I usually know how to do these types of problems, but the second variable just threw me off balance..
47. A rancher has 200 feet of fencing to enclose two adjacent rectangular corrals. What dimensions will produce a maximum enclosed area? (the diagram is of two adjacent corrals sharing a middle fence, y, and each individual corral has length x [so the two together would be 2x for the entire length])
I hope I've explained the diagram enough...any help is greatly appreciated!! :D
Fencing needed= 3Width + 4 length, correct? I don't have your diagram
Area= 2*W*L
so 200=3w+4L so l= (200-3w)/4 putting that into area..
area= 2w(200-4w)/4
Ohhhhhh i totally get it now! Thanks!! :D
No worries! I can help you with that. To find the dimensions that will produce a maximum enclosed area, we need to use optimization techniques.

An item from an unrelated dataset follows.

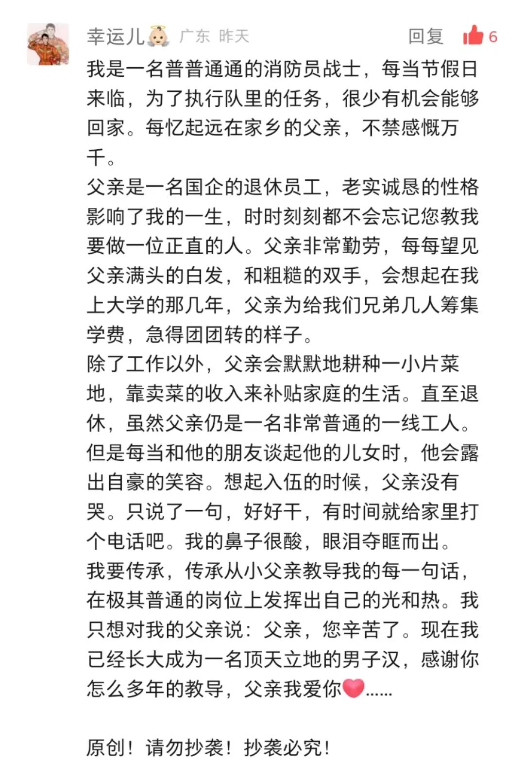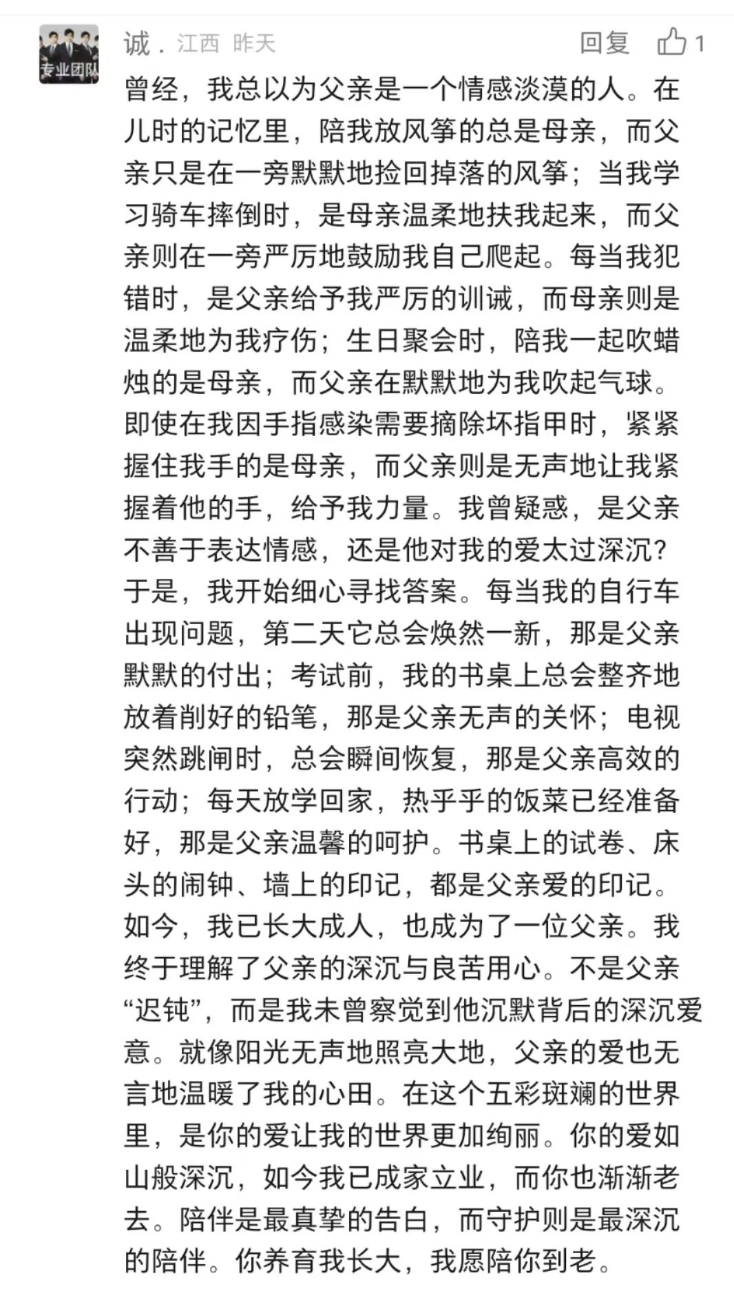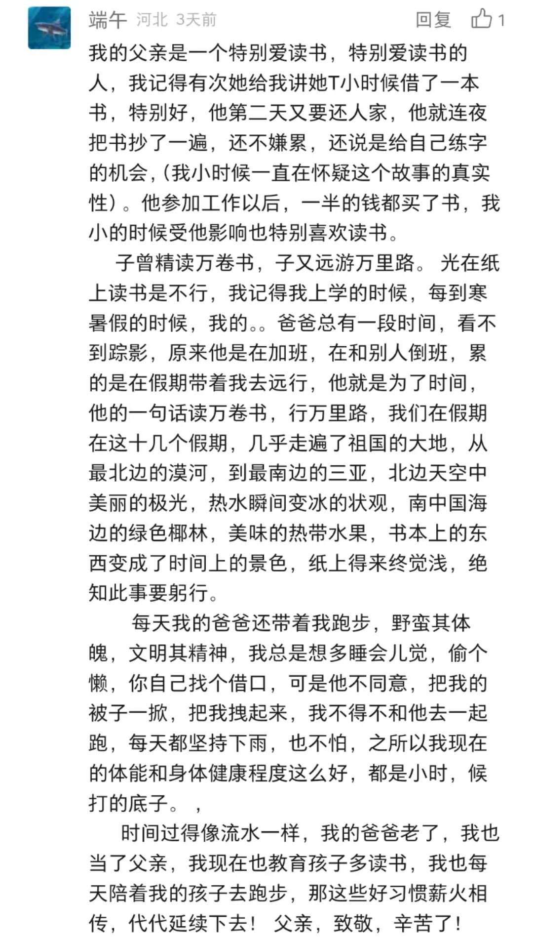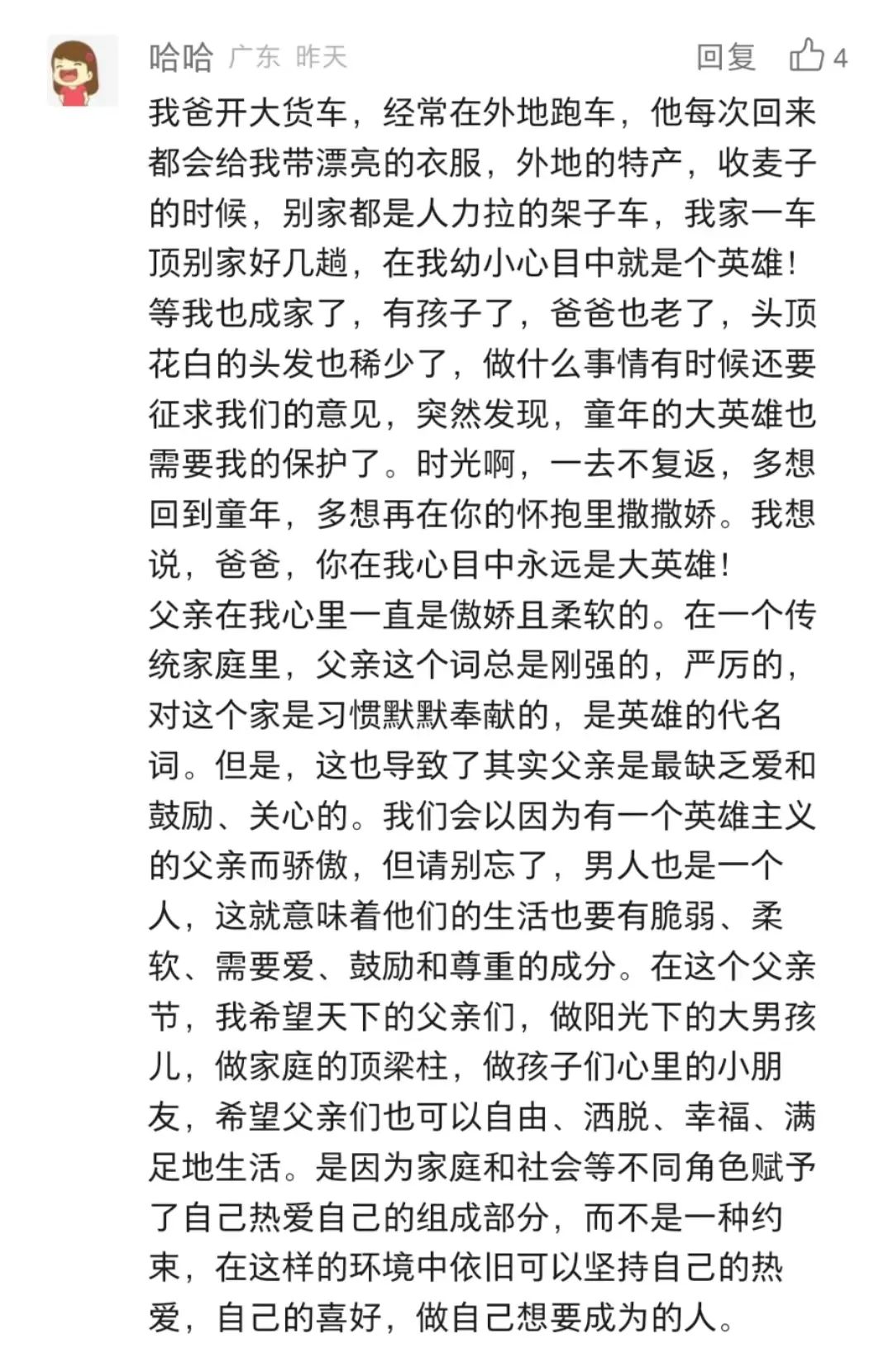 上一篇推文《父亲节——希望全天下所有的父亲都放松、喜悦、享受和家人相伴的时光》中,为了鼓励更多人说出对爸爸的爱意,我们设置了留言有奖活动~

Let's start by breaking down the problem and identifying the variables involved. We have two adjacent rectangular corrals, and each individual corral has a length of x (so the total length for both corrals together would be 2x). The only given information is that the rancher has 200 feet of fencing available.
Now, let's create an equation to represent the problem. We know that the total length of the fencing required is 200 feet, which consists of the lengths of the three sides of the corrals.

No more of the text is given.